The operational impact of this vulnerability extends beyond simple system instability, as it can result in complete system crashes and potential denial of service conditions in environments where cpu hotplugging is frequently utilized. This issue affects systems running Linux kernel versions that include the coretemp driver and are configured to support dynamic cpu core management. The vulnerability is particularly concerning in server environments where cpu hotplugging is commonly used for power management, performance optimization, or hardware maintenance operations. When triggered, the system experiences a kernel NULL pointer dereference that results in a kernel oops and subsequent system crash, potentially leading to data loss or service disruption. The crash occurs specifically during cpu offline processing, which means that any automated system management or power management features relying on cpu hotplug functionality could be compromised, creating a cascading failure scenario that affects system stability and availability. This vulnerability directly maps to attack techniques categorized under the MITRE ATT&CK framework in the privilege escalation and denial of service domains, where adversaries could potentially exploit such kernel-level flaws to cause system instability or gain elevated privileges through carefully crafted system management operations.

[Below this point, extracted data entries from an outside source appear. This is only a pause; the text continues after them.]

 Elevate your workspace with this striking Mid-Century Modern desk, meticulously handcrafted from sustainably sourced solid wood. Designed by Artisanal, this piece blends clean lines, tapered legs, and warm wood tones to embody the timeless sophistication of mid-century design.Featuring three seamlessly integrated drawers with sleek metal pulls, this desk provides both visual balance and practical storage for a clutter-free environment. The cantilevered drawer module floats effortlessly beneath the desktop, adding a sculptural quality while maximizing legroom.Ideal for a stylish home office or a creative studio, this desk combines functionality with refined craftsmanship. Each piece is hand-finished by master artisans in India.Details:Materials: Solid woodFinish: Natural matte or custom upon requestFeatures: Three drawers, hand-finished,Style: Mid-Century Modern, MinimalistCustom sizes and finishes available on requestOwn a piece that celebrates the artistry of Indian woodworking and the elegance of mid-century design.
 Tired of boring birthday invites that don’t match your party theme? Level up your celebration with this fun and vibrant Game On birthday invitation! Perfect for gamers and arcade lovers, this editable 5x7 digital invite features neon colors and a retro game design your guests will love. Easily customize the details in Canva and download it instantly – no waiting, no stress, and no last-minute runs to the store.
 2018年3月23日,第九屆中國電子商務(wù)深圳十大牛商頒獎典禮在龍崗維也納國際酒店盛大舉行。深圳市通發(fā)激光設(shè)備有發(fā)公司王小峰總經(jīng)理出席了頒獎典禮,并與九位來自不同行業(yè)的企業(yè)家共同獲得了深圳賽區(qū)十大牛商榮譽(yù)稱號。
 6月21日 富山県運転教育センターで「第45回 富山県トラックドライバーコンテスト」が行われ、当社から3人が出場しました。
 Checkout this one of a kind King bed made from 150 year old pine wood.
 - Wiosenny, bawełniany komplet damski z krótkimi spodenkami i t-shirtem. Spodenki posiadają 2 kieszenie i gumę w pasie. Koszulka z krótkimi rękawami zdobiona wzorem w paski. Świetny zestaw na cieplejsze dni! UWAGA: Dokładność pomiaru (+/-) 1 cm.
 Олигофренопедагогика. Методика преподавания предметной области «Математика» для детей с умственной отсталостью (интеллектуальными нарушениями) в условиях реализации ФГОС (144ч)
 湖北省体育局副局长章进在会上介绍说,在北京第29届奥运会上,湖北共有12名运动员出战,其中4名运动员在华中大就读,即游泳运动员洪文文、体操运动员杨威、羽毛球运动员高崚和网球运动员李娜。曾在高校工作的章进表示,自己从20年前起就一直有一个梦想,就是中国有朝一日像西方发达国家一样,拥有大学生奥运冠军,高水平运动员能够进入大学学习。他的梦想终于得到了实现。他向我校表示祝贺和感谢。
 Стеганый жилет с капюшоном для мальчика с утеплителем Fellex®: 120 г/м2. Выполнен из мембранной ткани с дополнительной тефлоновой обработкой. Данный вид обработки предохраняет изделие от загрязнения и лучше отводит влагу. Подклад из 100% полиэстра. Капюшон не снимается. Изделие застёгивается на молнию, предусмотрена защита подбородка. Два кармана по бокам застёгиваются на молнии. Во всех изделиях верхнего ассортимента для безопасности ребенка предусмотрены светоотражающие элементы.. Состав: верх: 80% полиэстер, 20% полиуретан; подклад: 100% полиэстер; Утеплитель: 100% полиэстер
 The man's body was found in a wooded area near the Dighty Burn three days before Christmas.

The recommended mitigation strategy involves implementing a simple null pointer check before calling sysfs_remove_group() within the coretemp driver's cleanup logic. This fix requires modifying the coretemp_cpu_offline() function to verify that the pdata->core_data[indx] pointer is not NULL before attempting to remove sysfs attributes. The solution aligns with standard kernel development practices for handling error conditions and resource cleanup, ensuring that all cleanup operations are defensive against null pointer scenarios. System administrators should ensure that affected systems are updated with kernel versions containing the patched coretemp driver implementation, which typically involves applying the specific kernel patch that introduces the null check. Organizations should also monitor their systems for potential exploitation attempts and implement appropriate system hardening measures, including kernel security modules and monitoring solutions that can detect anomalous cpu hotplug activity patterns that might indicate exploitation attempts. The fix represents a minimal code change that addresses the root cause without altering the driver's functionality, making it suitable for deployment across various Linux distributions and kernel versions while maintaining system stability and security posture.